Mrs. Ambrose remembers that, in Dorchester and Roxbury, you could move right through the system and graduate without ever getting an education. Like her friends, she took failure for granted - until one day when her mother told her that they would take advantage of the Metco busing program, which ships kids out of the inner city into suburban Boston schools. She was going to attend Wellesley High.
That school in Wellesley, an affluent town about 10 miles west of Boston, changed Judith Ambrose's life. It's just that simple.
''If it hadn't been for Metco,'' she says, ''I'd probably be out on the street somewhere, following my friends.
''It was a big change,'' she remembers. ''I couldn't get used to it for a year. The students were so pleasant; the teachers were so patient. I was used to having work just thrown at me. But at Wellesley they made sure you did it right.''
Now she is here at Bronx Community College. Her sister-in-law is watching her three children. Her husband's construction job is paying for tuition. And she is grinding away at the business of getting a diploma.
''Sometimes when I get up in the morning, I don't feel like coming,'' she reflects quietly. ''But then I look at my kids, and I know I have to come.''
She sees college as a way to make a better life for her children and herself. ''It's almost impossible to make any money without some kind of diploma,'' she says bluntly. For her purposes, Bronx Community College - with its handy location, moderate entrance requirements, and price advantages - is perfect.

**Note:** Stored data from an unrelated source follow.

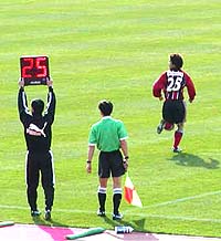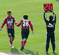 16分、平間に代えて小島。しかし、状況は変わらない。気がつけば、最終ラインが前半に比べてかなり下がってしまっている。これは、失点を恐れてということ以上に、アントラーズの前線からのプレスが厳しかったからだと思う。とにかくアントラーズの前の選手は的確に動く。コンサドーレは相手が自陣に入ってくるまでプレスをかけに行かないのに対し、アントラーズは、鈴木、平瀬、本山、小笠原の4人が、コンサドーレが最終ラインでボールを持っているときですらプレッシャーをかけてくる。だから、コンサドーレは中盤から最終ライン、そして最終ラインからGKへと、相手にボールを奪われないようにとボールを戻すだけで精一杯になってしまう。この試合を見ていていちばん感じた両チームの差は、ここだった。そうして考えてみると、播戸を失ったことの意味は、得点力ということ以上に、この前線からのチェイスということのほうが大きかったのかもしれない。いや、いまさらそんなことを言ってみても何の足しにもならないのは分かっているのだが、そんなことを言いたくなってしまうほど、コンサには語るところがなかった。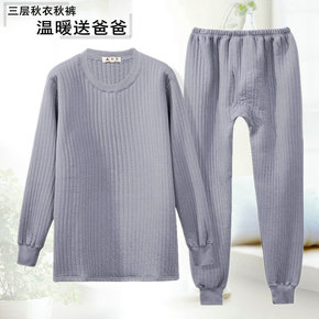 中老年内衣秋冬加厚三层保暖男圆领宽松纯棉爸爸夹棉秋...
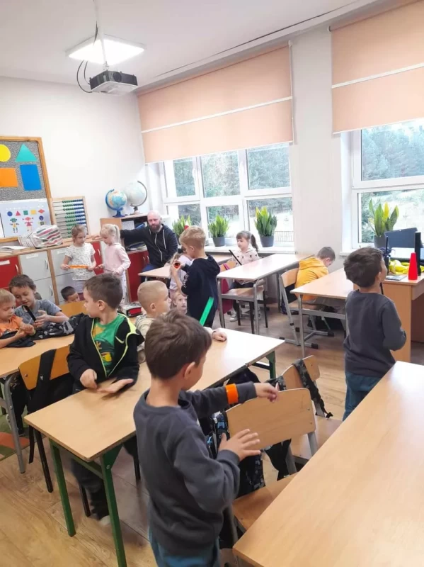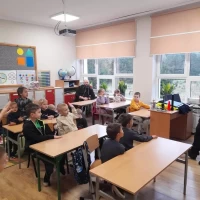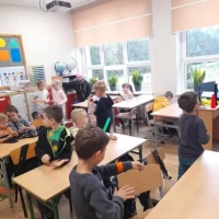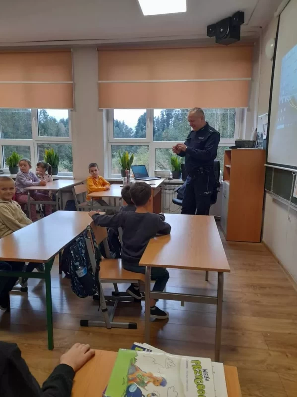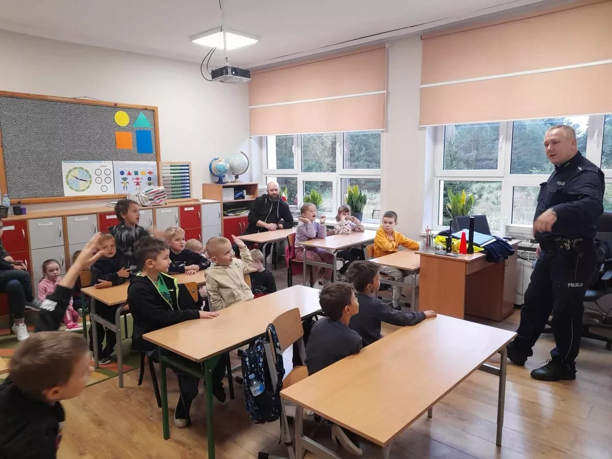 Dnia 16.10.2023r. uczniowie z naszej szkoły mieli okazję spotkać się z Panem Markiem Lisem dzielnicowym z Komisariatu Policji w Józefowie. Podczas spotkania wszyscy przypomnieli sobie zasady bezpiecznego poruszania się po drogach oraz jak reagować w różnych sytuacjach zagrożeń. Policjant ostrzegał też przed osobami nieznajomymi, z którymi nie wolno rozmawiać oraz wpuszczać do domu. Przypomniał o podstawowych zasadach bezpieczeństwa w ruchu drogowym, podkreślił ważną rolę elementów odblaskowych, które każdy uczeń powinien posiadać. Dzieci wysłuchały policyjnych rad oraz zadawały wiele interesujących pytań. Szczególnym zainteresowaniem wśród uczniów cieszyła się prezentacja wyposażenia policyjnego, niezbędnego podczas wykonywania pracy.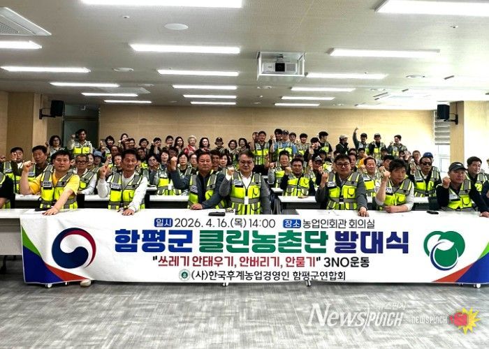 함평군은 16일 “이날 함평군농업인회관 회의실에서 (사)한국후계농업경영인 함평군연합회와 함께 주민 참여형 환경 정화 모델인 ‘클린농촌단’ 발대식을 개최하고 농촌 지역의 고질적인 쓰레기 문제 해결을 위한 3노(NO) 운동’ 실천을 선포했다”고 밝혔다.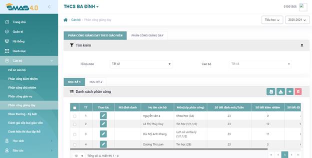 - Bước 1: Đăng nhập >> Vào menu “Cán bộ” >> Vào Chức năng “Phân công giảng dạy” >> Chọn tab “Phân công giảng dạy theo giáo viên”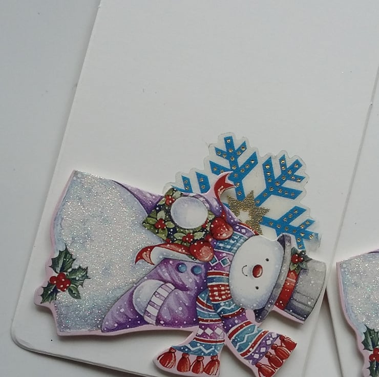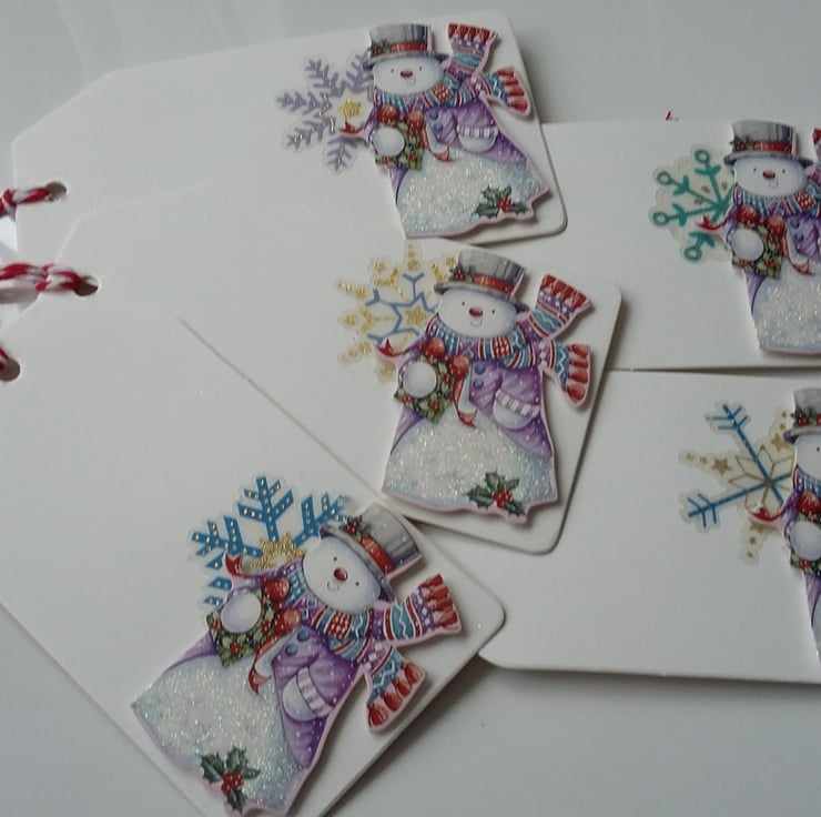 A SET OF FIVE LARGE WHITE 12CM X 6CM CHRISTMAS GIFT TAGS EACH TAG HAS A RAISED SNOWMAN AN A LARGE SNOW FLAKE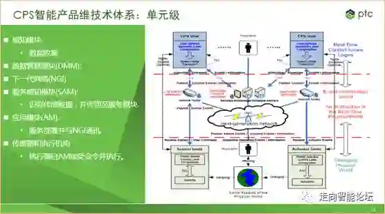 在CPS智能产品维,其单元级的技术体系要素如图中所示。该部分能力体现在产品上,形成产品的智能化特性。在该类智能产品的实现层面,一方面需要产品本身的技术突破,另一方面需要工业软件等使能技术,以支持上述智能特性的设计、仿真验证、集成测试等。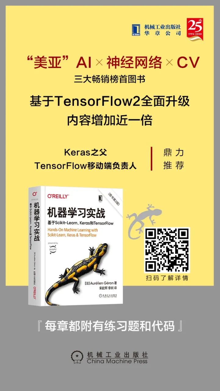 国外AI"四大名著"之一!AI霸榜书重磅更新!"美亚"AI+神经网络+CV三大畅销榜首图书,基于TensorFlow 2和新版Scikit-Learn全面升级,内容增加近一倍!前谷歌工程师撰写,Keras之父和TensorFlow移动端负责人鼎力推荐,从实践出发,手把手教你从零开始搭建起一个神经网络。

She attends about 12 class periods a week for her major in education. In a typical one, her psychology class, Mrs. Ambrose sits in the front row. On the afternoon of my visit, the professor is moving through a chapter on developmental psychology, covering the required ground without pausing to consider interesting side issues.
Mrs. Ambrose looks neither to the right nor the left. She is trying to grasp the pieces of the puzzle the class will be asked to put back together in a test the next week. To her, it's a hurdle to jump. Nothing more.
And, with few exceptions, that's how students in almost every school visited for this report see much of the class material presented to them.
''The goal is not to get an education,'' Ohio State senior Jonathan Sokobin observes dryly. ''The goal is to pass.''
Change the setting and the course of study and you have in Mrs. Ambrose's psychology class the same basic experience as that in a second-grade reading class or a high school Spanish course. An instructor reels off the required data of his or her specialty. Depending on the degree of inspiration and determination with which the reeling off is done, the minds behind those faces will be either engaged or remote.